Edit the question to include desired behavior, a specific problem or error, and the shortest code necessary to reproduce the problem. This will help others answer the question.
Closed 4 years ago.
Improve this question
I am trying to write a code for encryption and decryption input text with RC4 in Java.

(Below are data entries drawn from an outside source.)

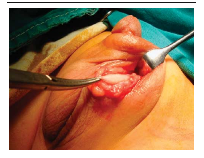
Dissection of the testis first.

that dissection would allow the external ring to be identified (Fig. 2).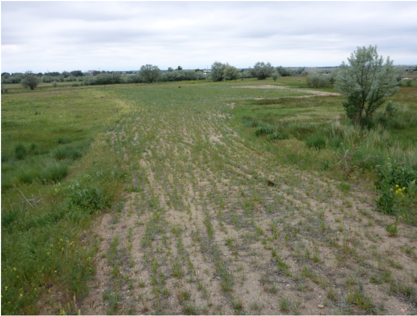
Photo 1. Photo taken from the location entrance, facing West. Appears the Operator has performed final reclamation activities, with the evidence of drilling rows, straw crimped mulch, and perennial grass starting to come in.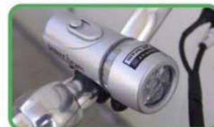
Large, bright tail light for added safety

Does anyone know how to fix it?
My code:
import java.util.Arrays;
public class RC4 {
private static final int SBOX_LEN = 256;
private static final int MIN_KEY_LEN = 5;
private byte[] key = new byte[SBOX_LEN - 1];
private int[] sbox = new int[SBOX_LEN];
public RC4() {
initialize();
}
public RC4(String key) {
this();
setKey(key);
}
public static void main(String[] args) {
RC4 rc4 = new RC4();
byte[] cipherText = rc4.encryptMessage(args[0], args[1]);
System.out.println(Arrays.toString(cipherText));
String plainText = rc4.decryptMessage(cipherText, args[1]);
System.out.println(plainText);
}
private void initialize() {
Arrays.fill(key, (byte) 0);
Arrays.fill(sbox, 0);
}
public byte[] encryptMessage(String message, String key) {
initialize();
setKey(key);
byte[] crypt = crypt(message.getBytes());
initialize();
return crypt;
}
public String decryptMessage(byte[] message, String key) {
initialize();
setKey(key);
byte[] msg = crypt(message);
initialize();
return new String(msg);
}
public byte[] crypt(final byte[] msg) {
sbox = initializeSBox(key);
byte[] code = new byte[msg.length];
int i = 0;
int j = 0;
for (int n = 0; n < msg.length; n++) {
i = (i + 1) % SBOX_LEN;
j = (j + sbox[i]) % SBOX_LEN;
swap(i, j, sbox);
int rand = sbox[(sbox[i] + sbox[j]) % SBOX_LEN];
code[n] = (byte) (rand ^ msg[n]);
}
return code;
}
private int[] initializeSBox(byte[] key) {
int[] sbox = new int[SBOX_LEN];
int j = 0;
for (int i = 0; i < SBOX_LEN; i++) {
sbox[i] = i;
}
for (int i = 0; i < SBOX_LEN; i++) {
j = ((j + sbox[i] + (key[i % key.length])) & 0xFF) % SBOX_LEN;
swap(i, j, sbox);
}
return sbox;
}
private void swap(int i, int j, int[] sbox) {
int temp = sbox[i];
sbox[i] = sbox[j];
sbox[j] = temp;
}
public void setKey(String key) {
if (!((key.length() >= MIN_KEY_LEN) && (key.length() < SBOX_LEN))) {
throw new RuntimeException(String.format("Key length must be between %d and %d", MIN_KEY_LEN, SBOX_LEN - 1));
}
this.key = key.getBytes();
}
}
RC4 is a broken algorithm and recommendation is to not use the same anymore if the data is to be kept highly secure.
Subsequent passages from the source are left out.